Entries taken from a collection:
□ □ □ □
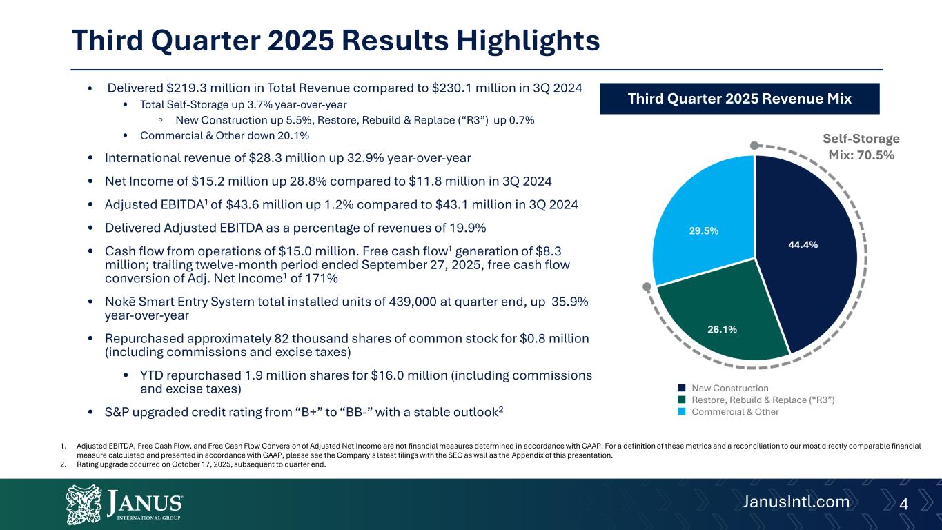 JANUS INTERNATIONAL GROUP REPORTS THIRD QUARTER 2025 FINANCIAL RESULTS
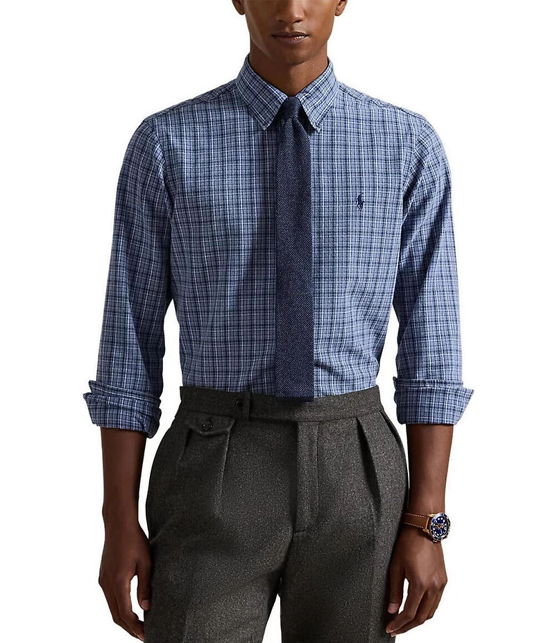 Polo Ralph Lauren Classic Fit Mini Plaid Brushed Oxford Long Sleeve Woven Shirt
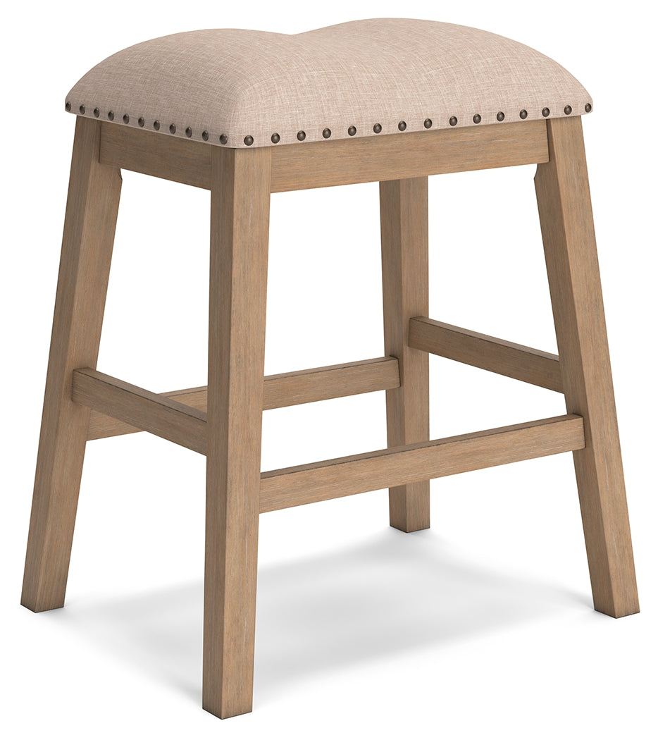 Show off your taste for charmingly curated style with this counter height bar stool. Its clean-lined design sports a neutral upholstered seat punctuated by nailhead trim for modern farmhouse flair. A light, natural finish on the frame inspires delightfully carefree dining.
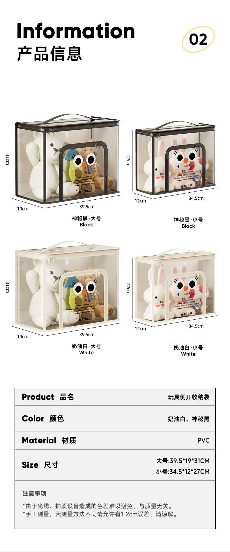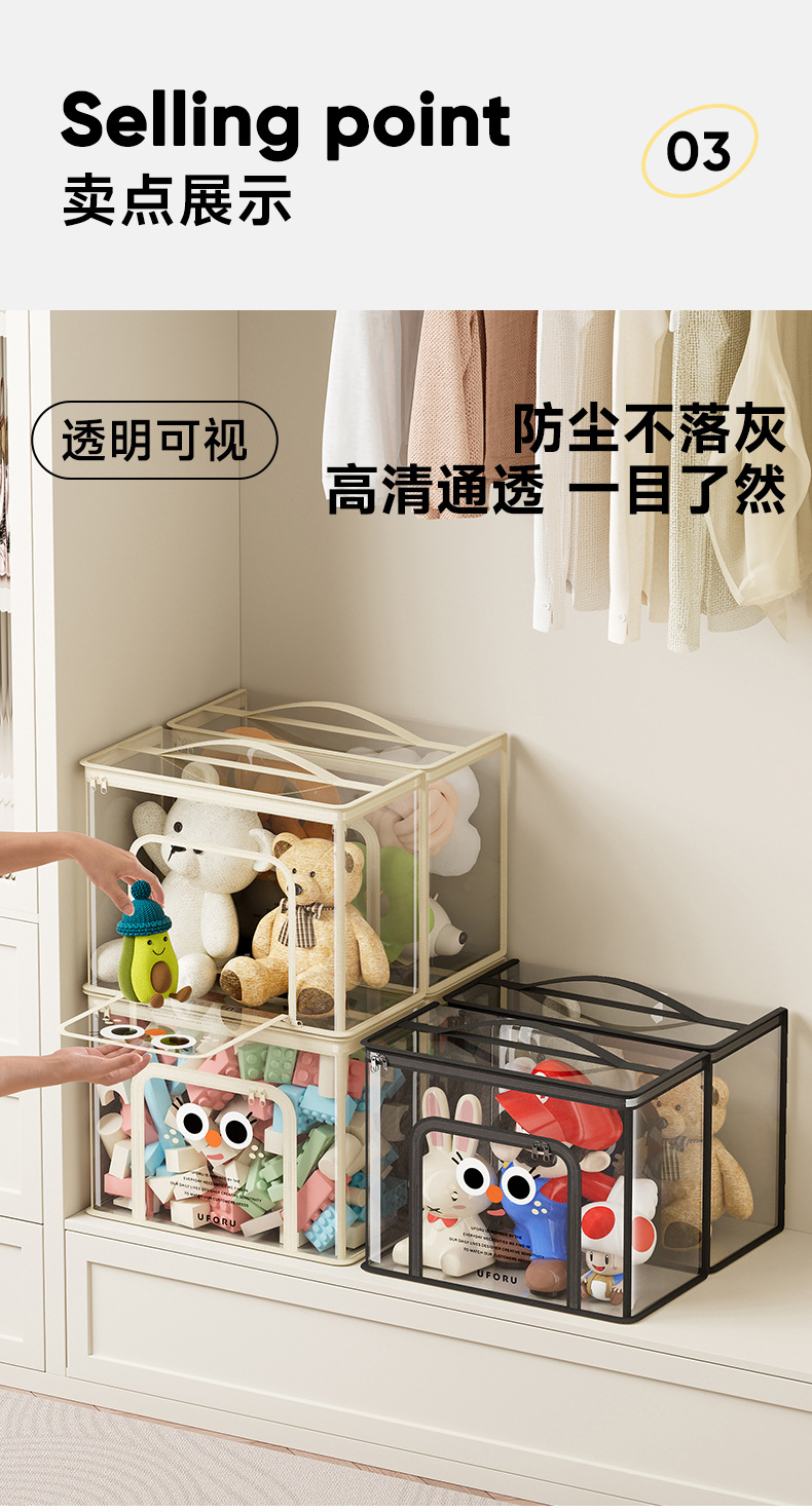 인형 저장 가방 투명 방진 방수 대용량 더블 오프닝 접는 디자인 휴대용 다기능 인형 저장 상자스토어 가기
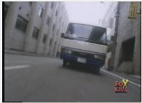 POV shot of Shuttle driving on the sidewalk, with Asian people frozen in terror, including a pair of flashers. |
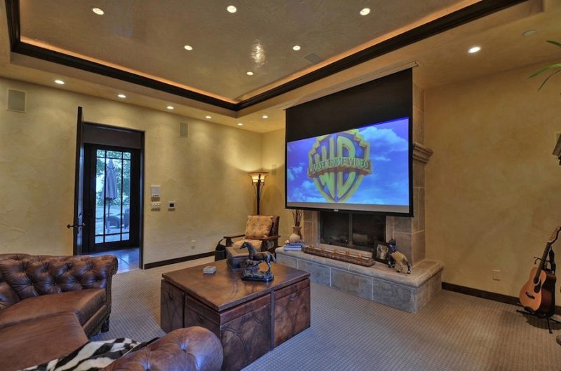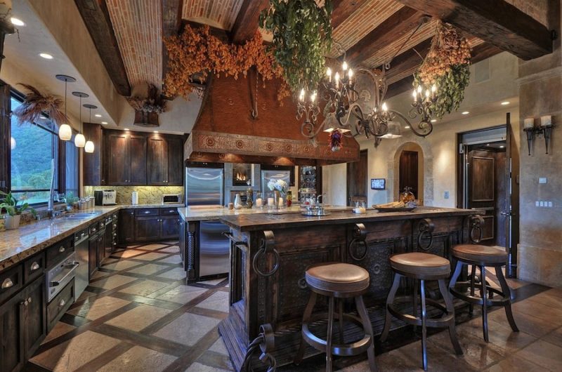 Among other amenities, there are a conveniently placed library, an oversized stone masonry fireplace with gas starter, rich stained railroad tie hardwood floors imported from South America, a spacious family room, various oversized French doors, custom chandeliers and a custom 100-year old barn wood beam ceilings, which create a fantastic ambience in the dining room.
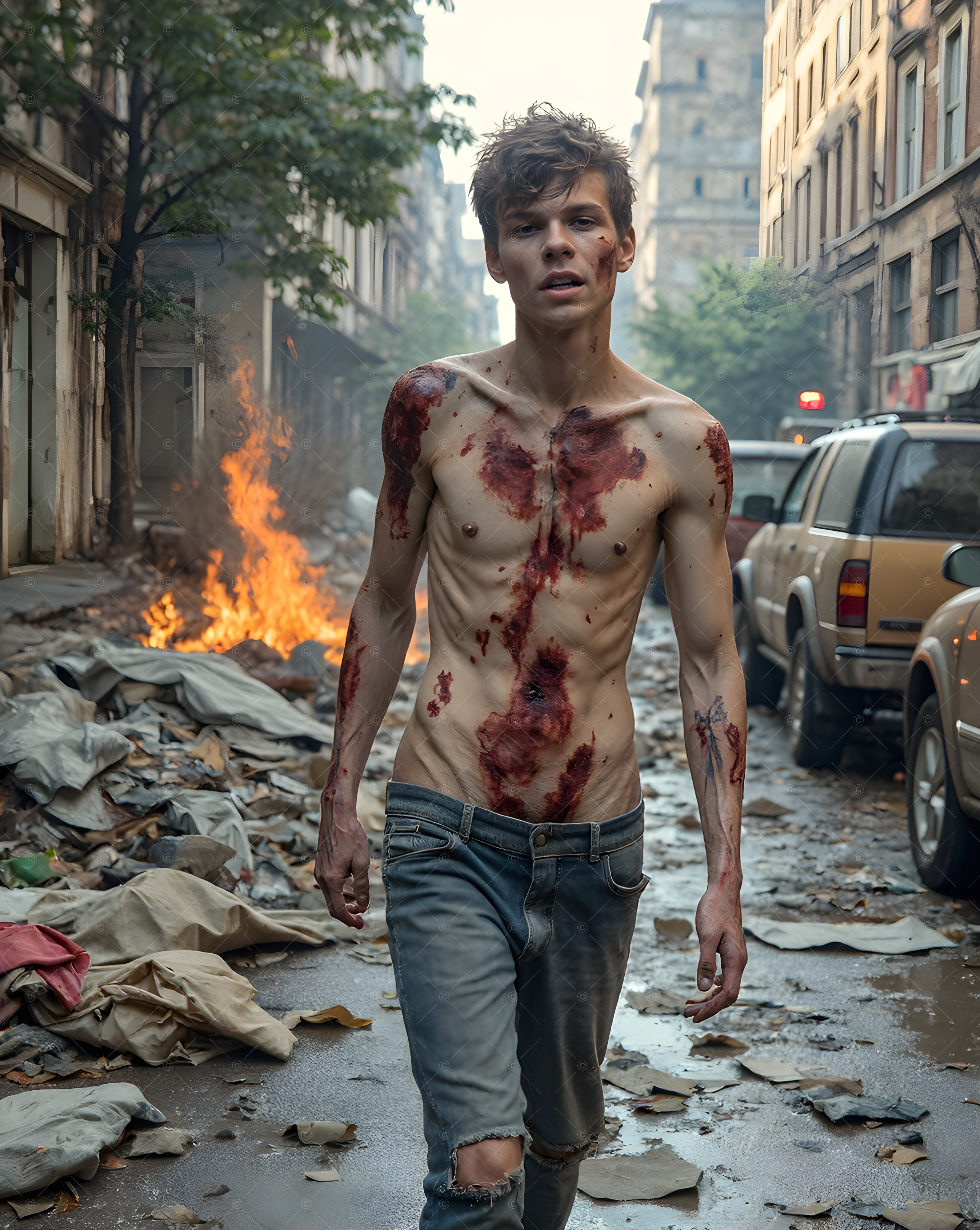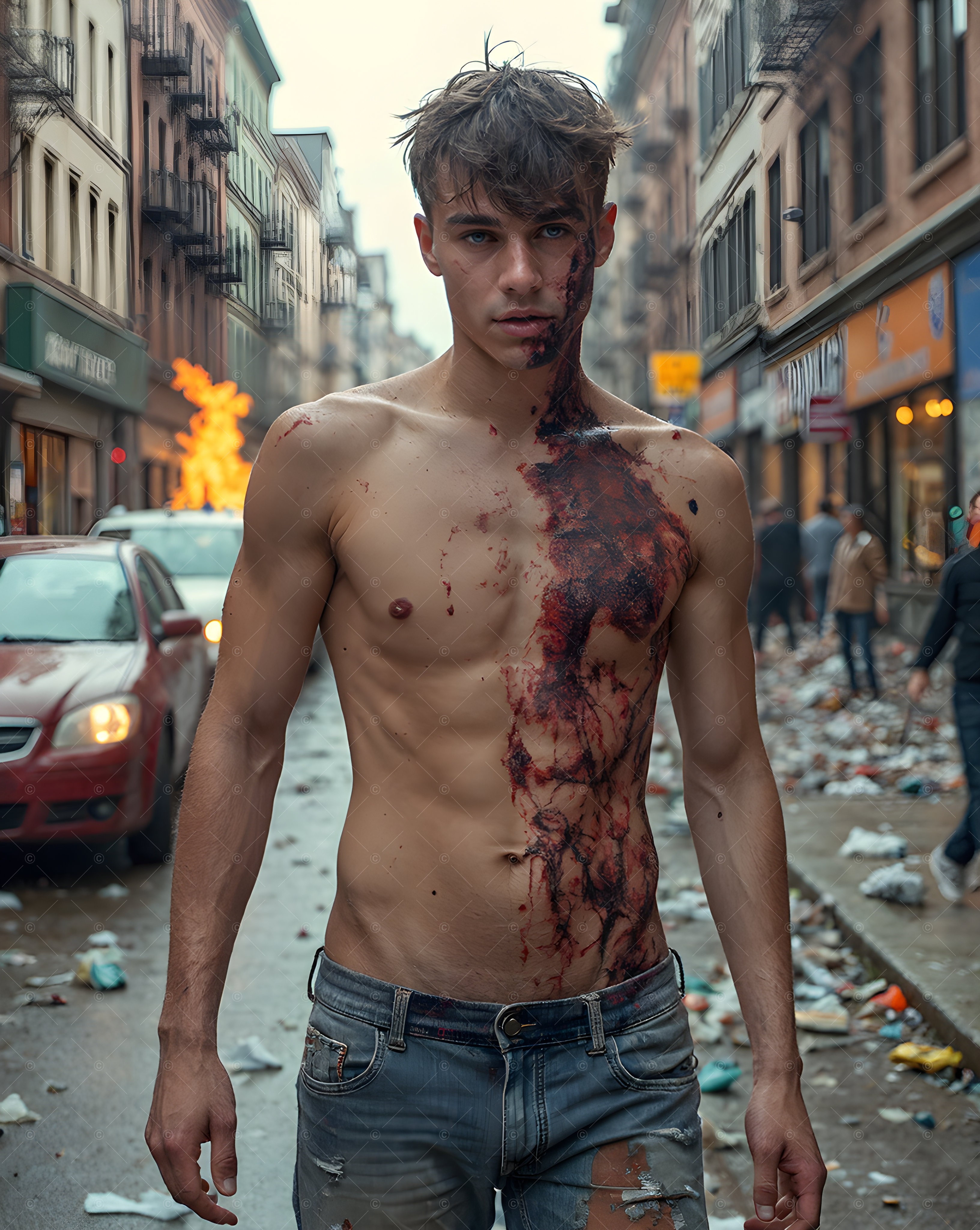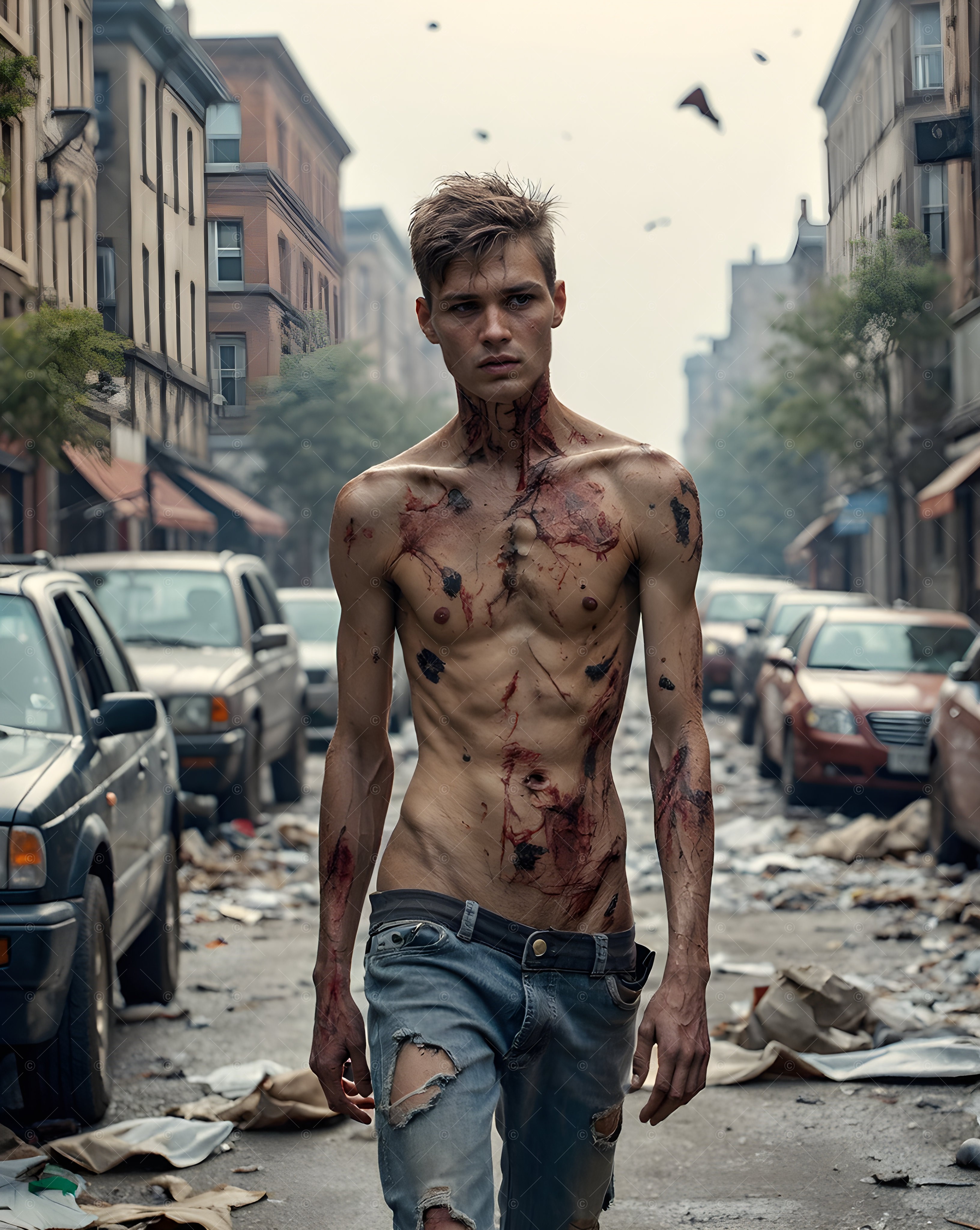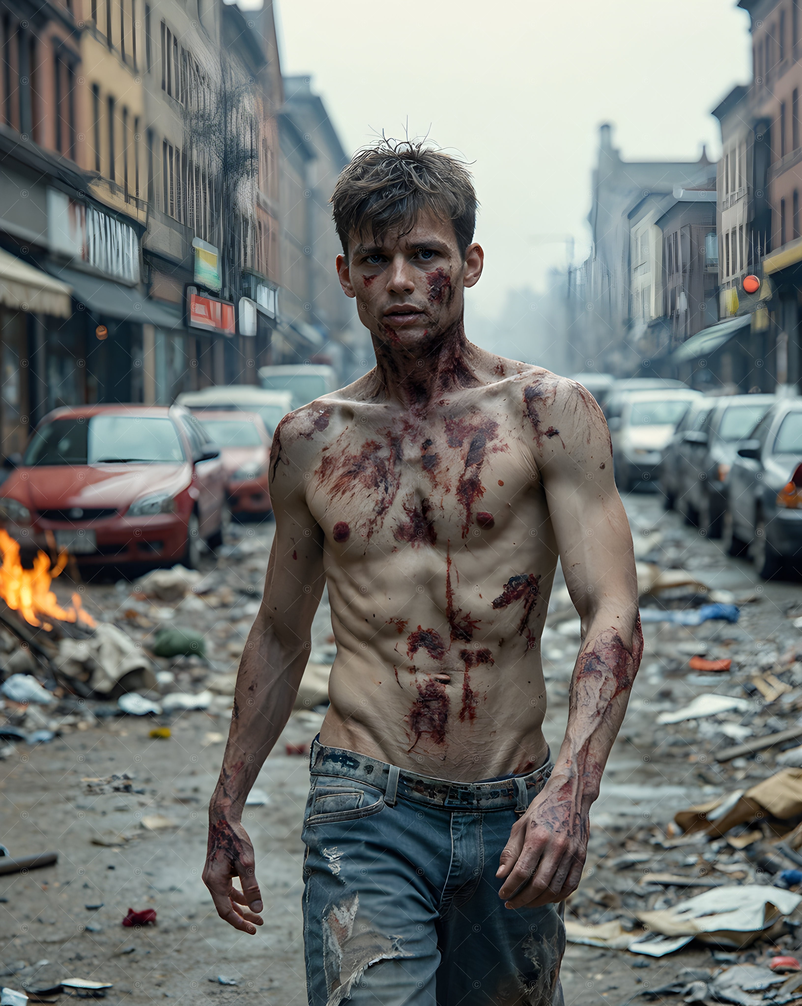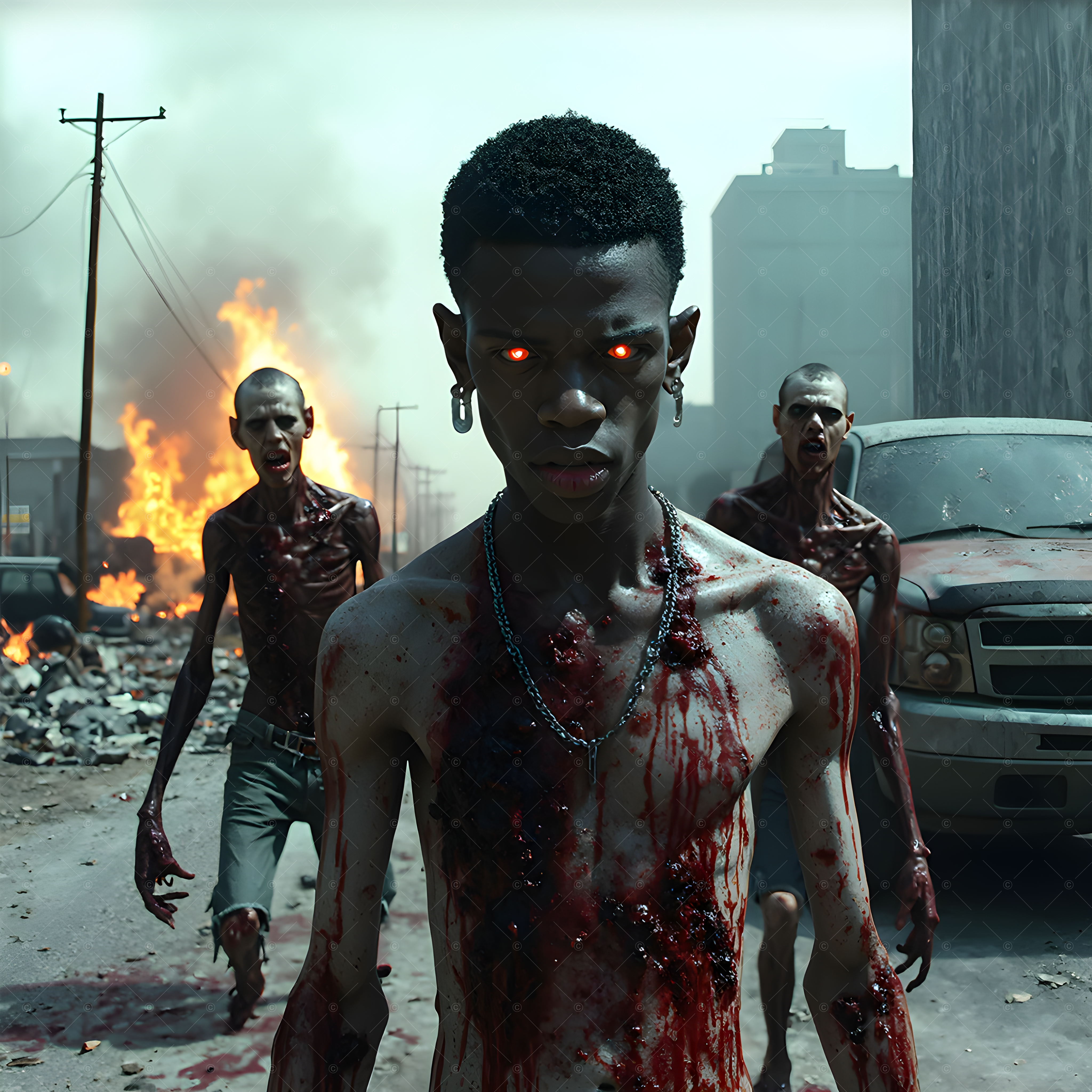 Twinkapocalypse, When Young Male Zombie Twinks, Attack. It's a zombie apocalypse, where young, handsome, freshly turned zombies, still handsome, and even sexy, wonder the city streets, looking for brains to eat. There are cars on fire, trash everywhere, chaos is in the amidst. A young man, covered with blood, dirty, with messy hair, with pale grey skin, dark circles around his eyes, and black lips, walking down a main city street. In this post-apocalyptic city, doing the classic, zombie walk, his head slightly tilted, mouth slightly opened, moaning, brains.
□ □ □ □
YOUR GOAL » Return only the part above that opens with the line containing "인형 저장 가방 투명" and closes with the line containing "Among other amenities, there", exactly and with both ends, skipping the pictures.

OUTPUT OF THE TASK »
 인형 저장 가방 투명 방진 방수 대용량 더블 오프닝 접는 디자인 휴대용 다기능 인형 저장 상자스토어 가기
 POV shot of Shuttle driving on the sidewalk, with Asian people frozen in terror, including a pair of flashers. |
 Among other amenities, there are a conveniently placed library, an oversized stone masonry fireplace with gas starter, rich stained railroad tie hardwood floors imported from South America, a spacious family room, various oversized French doors, custom chandeliers and a custom 100-year old barn wood beam ceilings, which create a fantastic ambience in the dining room.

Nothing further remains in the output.